### [Task requirements]
Without the pictures, output the records below exactly as they are.

[Stored data]
********
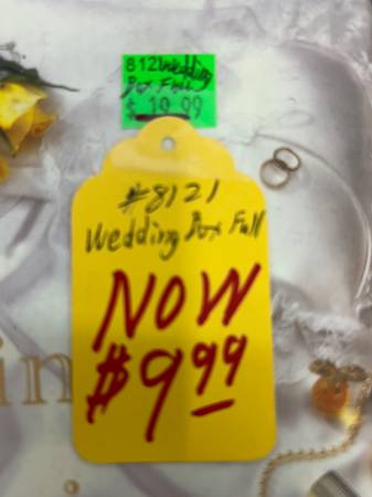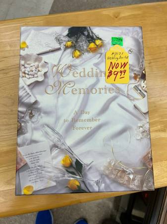 Wedding Memories box with register, photo album, and MORE!! Price is lowered to $9.99 plus sales tax. Can be seen and purchased in the front I-1 booth by the cash register at Mike’s Unique Flea...
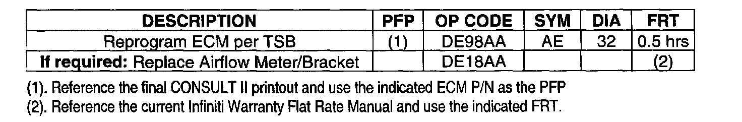 ^ Perform ECM Reprogramming. This is required if the ECM Part Number (P/N) in the vehicle matches one of those listed under "Current ECM P/N" in Chart A-1 or A-2.
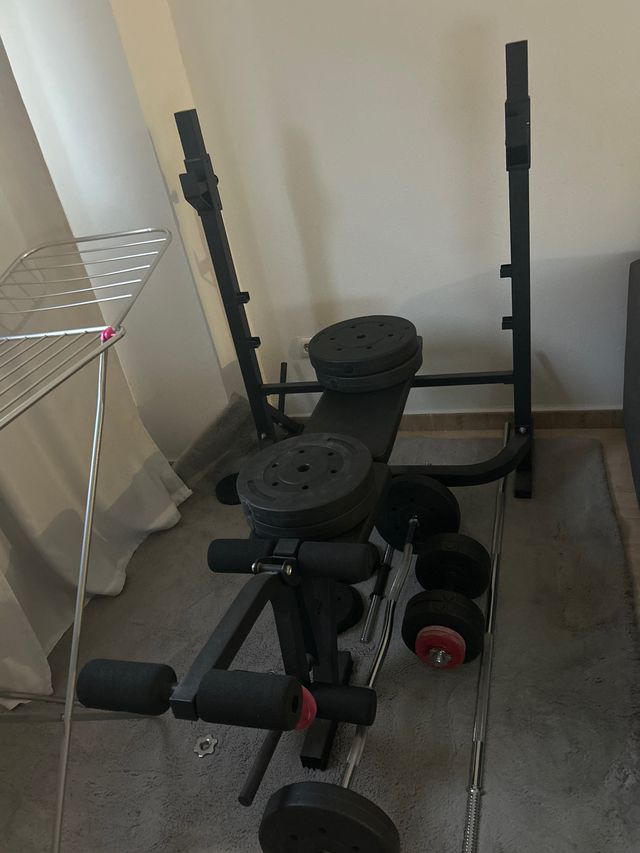 Dettagli del prodottoAttrezzatura da palestra completa per allenarsi a casa Include panca e manubri.
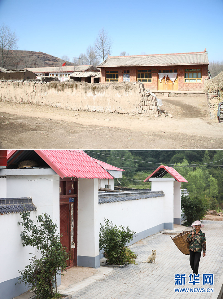 拼版照片:上圖為2013年3月4日拍攝的甘肅省定西市渭源縣元古堆村民居。新華社發(吳魯 攝);下圖為2020年8月22日在渭源縣元古堆村拍攝的民居。新華社記者 馬希平 攝
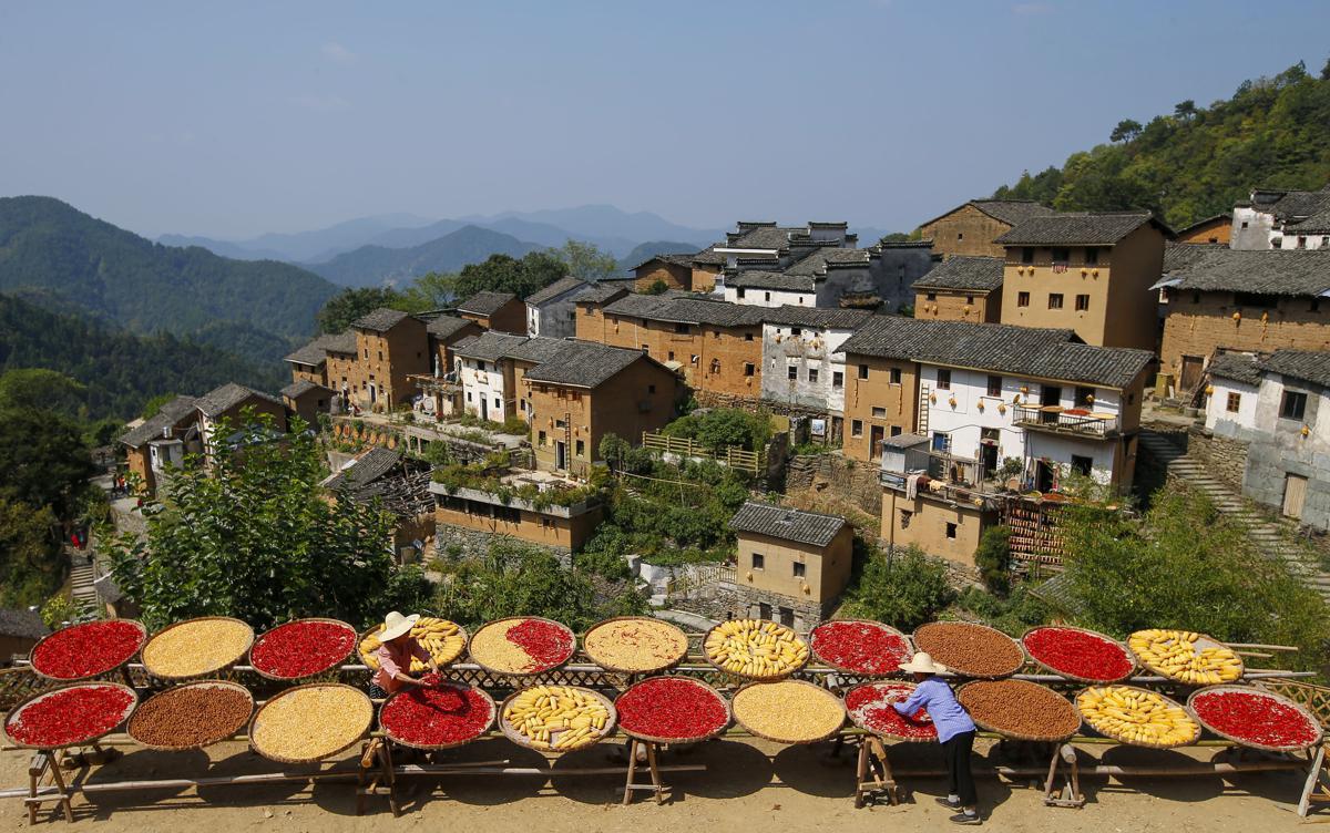 With approach of the autumn equinox, a traditional Chinese solar term, which falls on Friday this year, residents of Huangshan, Anhui province, are putting their agricultural produce in the sun to dry, creating splendid autumn views.
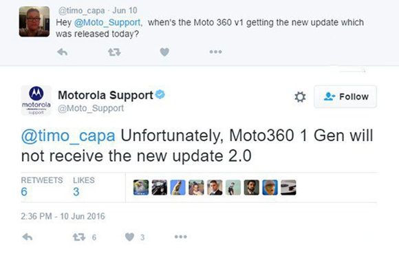 摩托羅拉在Twitter上正式回應了這一點,可能考慮到Moto360一代的配置、性能已經跟不上Android Wear 2.0所需。
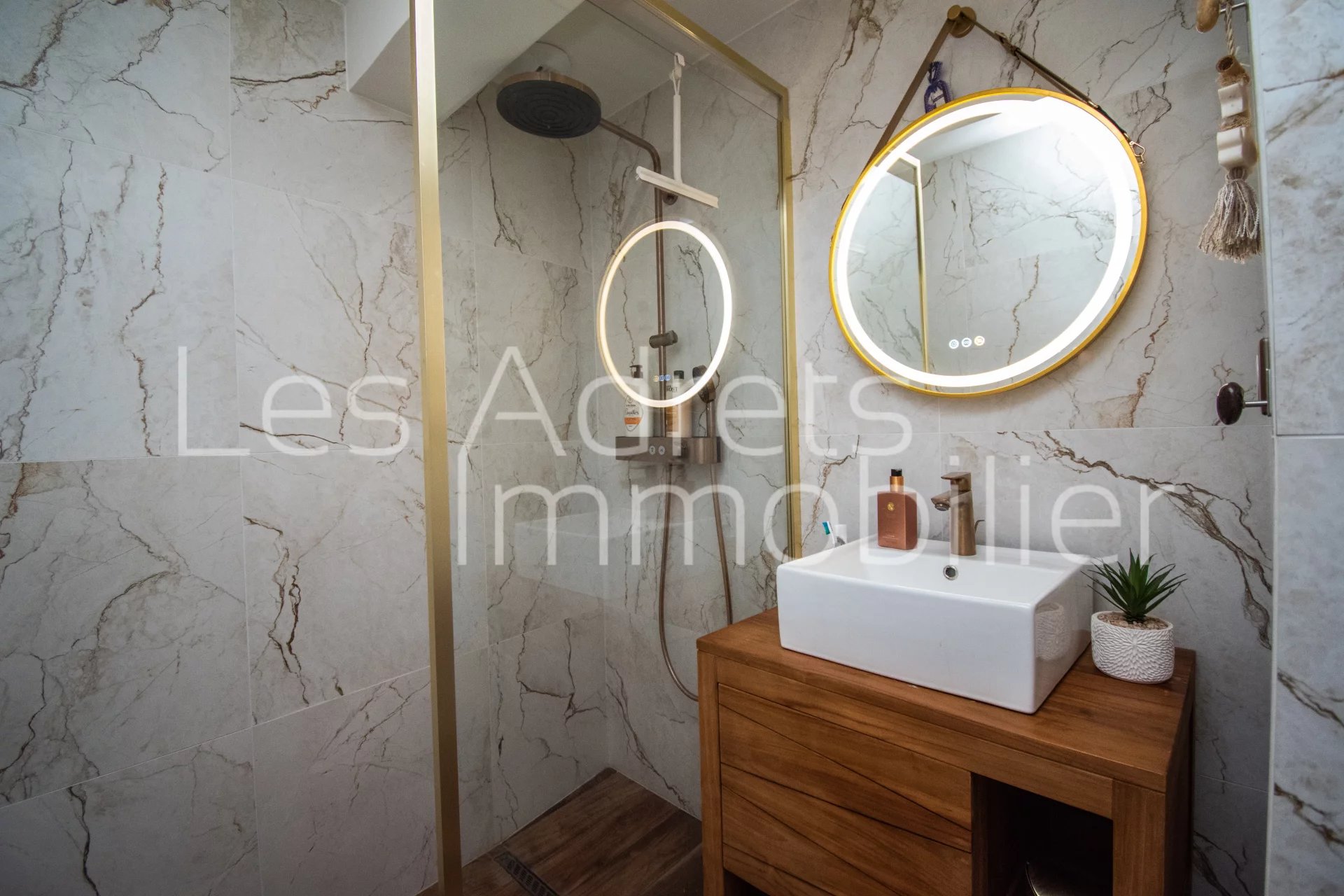À l’étage, l’espace nuit se compose de trois chambres, dont deux en suite avec leur propre salle d’eau. Deux d’entre elles disposent d’un accès à un balcon offrant une vue imprenable sur l’Estérel. Une salle d’eau indépendante et un WC séparé viennent parfaire l’étage.
********
### [Exercise answer]
 Wedding Memories box with register, photo album, and MORE!! Price is lowered to $9.99 plus sales tax. Can be seen and purchased in the front I-1 booth by the cash register at Mike’s Unique Flea...
 ^ Perform ECM Reprogramming. This is required if the ECM Part Number (P/N) in the vehicle matches one of those listed under "Current ECM P/N" in Chart A-1 or A-2.
 Dettagli del prodottoAttrezzatura da palestra completa per allenarsi a casa Include panca e manubri.
 拼版照片:上圖為2013年3月4日拍攝的甘肅省定西市渭源縣元古堆村民居。新華社發(吳魯 攝);下圖為2020年8月22日在渭源縣元古堆村拍攝的民居。新華社記者 馬希平 攝
 With approach of the autumn equinox, a traditional Chinese solar term, which falls on Friday this year, residents of Huangshan, Anhui province, are putting their agricultural produce in the sun to dry, creating splendid autumn views.
 摩托羅拉在Twitter上正式回應了這一點,可能考慮到Moto360一代的配置、性能已經跟不上Android Wear 2.0所需。
À l’étage, l’espace nuit se compose de trois chambres, dont deux en suite avec leur propre salle d’eau. Deux d’entre elles disposent d’un accès à un balcon offrant une vue imprenable sur l’Estérel. Une salle d’eau indépendante et un WC séparé viennent parfaire l’étage.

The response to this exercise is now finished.